** DATA RECORDS follows **

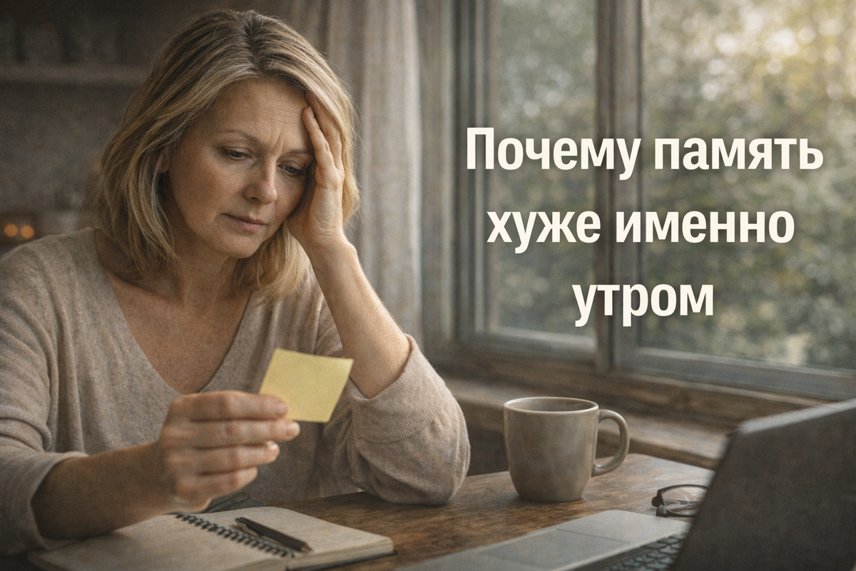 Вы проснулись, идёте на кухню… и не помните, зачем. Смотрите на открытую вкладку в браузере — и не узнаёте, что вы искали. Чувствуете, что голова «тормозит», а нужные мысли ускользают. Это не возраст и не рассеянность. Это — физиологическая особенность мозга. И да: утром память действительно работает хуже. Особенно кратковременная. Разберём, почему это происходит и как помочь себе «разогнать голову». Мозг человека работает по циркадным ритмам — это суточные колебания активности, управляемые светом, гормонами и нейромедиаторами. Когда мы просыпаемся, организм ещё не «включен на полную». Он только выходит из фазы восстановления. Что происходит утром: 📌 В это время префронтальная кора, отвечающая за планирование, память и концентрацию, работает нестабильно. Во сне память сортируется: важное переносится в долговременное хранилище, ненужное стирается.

** End of DATA RECORDS **
** DATA RECORDS follows **

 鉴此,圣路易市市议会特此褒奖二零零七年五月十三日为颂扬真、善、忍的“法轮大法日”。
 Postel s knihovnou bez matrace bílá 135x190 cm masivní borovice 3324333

** End of DATA RECORDS **
** DATA RECORDS follows **

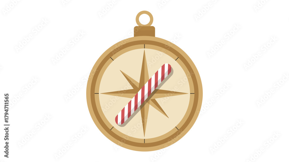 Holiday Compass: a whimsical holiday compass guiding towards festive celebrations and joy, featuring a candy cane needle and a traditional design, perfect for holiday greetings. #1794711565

** End of DATA RECORDS **

-- ASSIGNED TASK --
Only one part of the material above is to be transcribed, namely the lines starting with the line that has "鉴此,圣路易市市议会特此褒奖" and going on through the line that has "Postel s knihovnou", exactly as they stand.

-- WRITTEN SOLUTION --
 鉴此,圣路易市市议会特此褒奖二零零七年五月十三日为颂扬真、善、忍的“法轮大法日”。
 Postel s knihovnou bez matrace bílá 135x190 cm masivní borovice 3324333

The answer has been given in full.